Thursday, January 25, 2018

Japan Story Phonograph

Japan Story

I had a very important job.  When I was about five I was tasked with replacing the phonograph needles.  This involved standing on a stool, carefully lifting the heavy phonograph needle holder, unscrewing the old needle's grip, and putting it in the 'old needles' place.  Then selecting a sharp new needle and inserting it in the head, screwing it tight so it would not fall out.  This was required for the optimal sound each time a record was played.  A worn needle would make the record sound fuzzy.  

The phonograph player stood about four feet high with a lid that opened up to reveal the turntable and the playing head. It was too high for me to reach without a stool.  The 78 RPM records were stored on a bottom shelf.  My father, who had been trained in  violin, had a collection of classical music, all on 78 RPM s as that was the latest technology.  I think we might even have had a speaker horn!

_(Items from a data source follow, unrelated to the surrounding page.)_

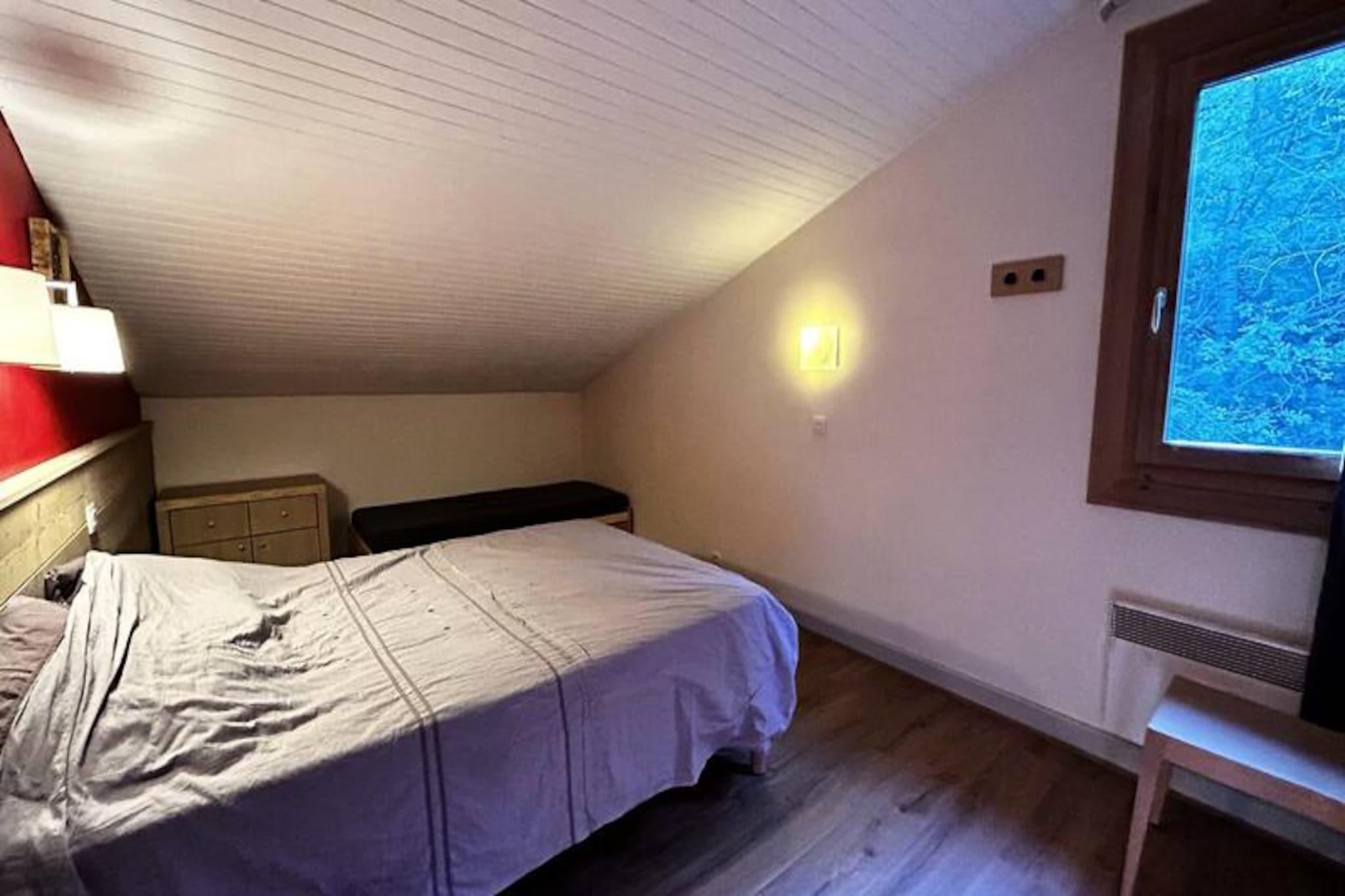 Högt ovanför de fridfulla skogarna i Plagne 1800 erbjuder denna charmiga duplexlägenhet en perfekt tillflyktsort för familjer och vänner som söker en blandning av alpint äventyr och mysig komfort. Från balkongen i söderläge kan du njuta av en oavbruten utsikt över La Plagnes majestätiska toppar, där det skiftande ljuset målar ett nytt mästerverk varje timme. Residensens arkitektur i chaletstil och varma interiör skapar en inbjudande atmosfär, perfekt för att varva ner efter en dag i backarna. Denna rymliga lägenhet är 55 m² stor och har en omsorgsfull design i två våningar. Första våningen har ett ljust vardagsrum med två bäddsoffor, en TV och en matplats centrerad kring ett stort bord. Det angränsande öppna köket är fullt utrustat med moderna apparater, inklusive keramikhäll, diskmaskin och ugn, vilket gör att du enkelt kan laga rejäla måltider. På övervåningen erbjuder sovrummet en lugn oas med en dubbelsäng, medan barnrummet och mezzaninen ger gott om sovplats. Två badrum, ett med badkar och ett med dusch, gör det bekvämt för större grupper. Ett skidförvaringsskåp och en täckt parkeringsplats i närheten kompletterar de praktiska bekvämligheterna. Residenset SAINBOIS, beläget på toppen av Plagne 1800, erbjuder enkel tillgång till lokala butiker och en uppvärmd utomhuspool, perfekt för avkoppling efter en aktiv dag. Anläggningen i sig är en familjevänlig oas, omgiven av frodiga skogar och ansluten till Plagne centrum med en bekväm busslinje som går till sent på natten. Oavsett om du är här för att åka skidor, vandra eller bara andas in den friska bergsluften, erbjuder denna lägenhet den perfekta basen för oförglömliga alpina minnen.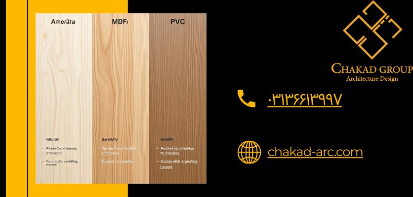چوب طبیعی، MDF و PVC از متریال های رایج هستند که بر اساس نیاز و شرایط محیطی انتخاب می شوند. - 3.عوامل تأثیرگذار بر هزینه لمبه کوبی چیست؟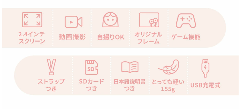 | 撮影機能 | インカメラ(自撮り) 効果フィルター(16種類)・フレーム(12種) タイマー撮影:オフ/2秒/5秒/10秒 日付表示:オン/オフ |
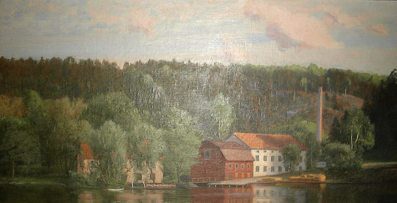 Nacka Kvarn med sädesmagasin och den gamla kvarngården till vänster. Målning i Erstagårdens stora sal.

I had one record of my very own.  It was a collection of nursery rhymes set to music.  I would sit on the floor and sing along .  The only one I really remember was:

"Tom, Tom, the Piper's son
Stole a pig and away he run  (A bad rhyme I thought)
The pig was et
And Tom was beat
And both went roaring down the street."

Altogether a very bad poem.  But what struck me most was the strange sound effect at the end. It was supposed to mimic the sound of a pig roaring, but to me it sounded exactly like someone throwing up!




Friday, January 19, 2018

Japan Story Earaches


Japan Story

I was a pretty healthy kid, although I remember coming down with measles and chicken pox while in Ju Ichi Ban .

There were  however,  recurring ear infections which required a doctor's attention.  The pediatrician was a western doctor, a woman, and I loved her office because it was decorated with hundreds of origami birds.

Having no idea how to treat an ear infection in those days before antibiotics,  'Antiphlogistine' was recommended.  It was smeared on my neck, I recall.  I was fascinated by the name.  Years later I came across a definition of

" 'phlogiston': noun, a substance supposed by 18th century chemists to exist in all combustible bodies and to be released on combustion. "

Apparently the pharma people of the 1930's had made up an impressive sounding name for what was, essentially, a placebo.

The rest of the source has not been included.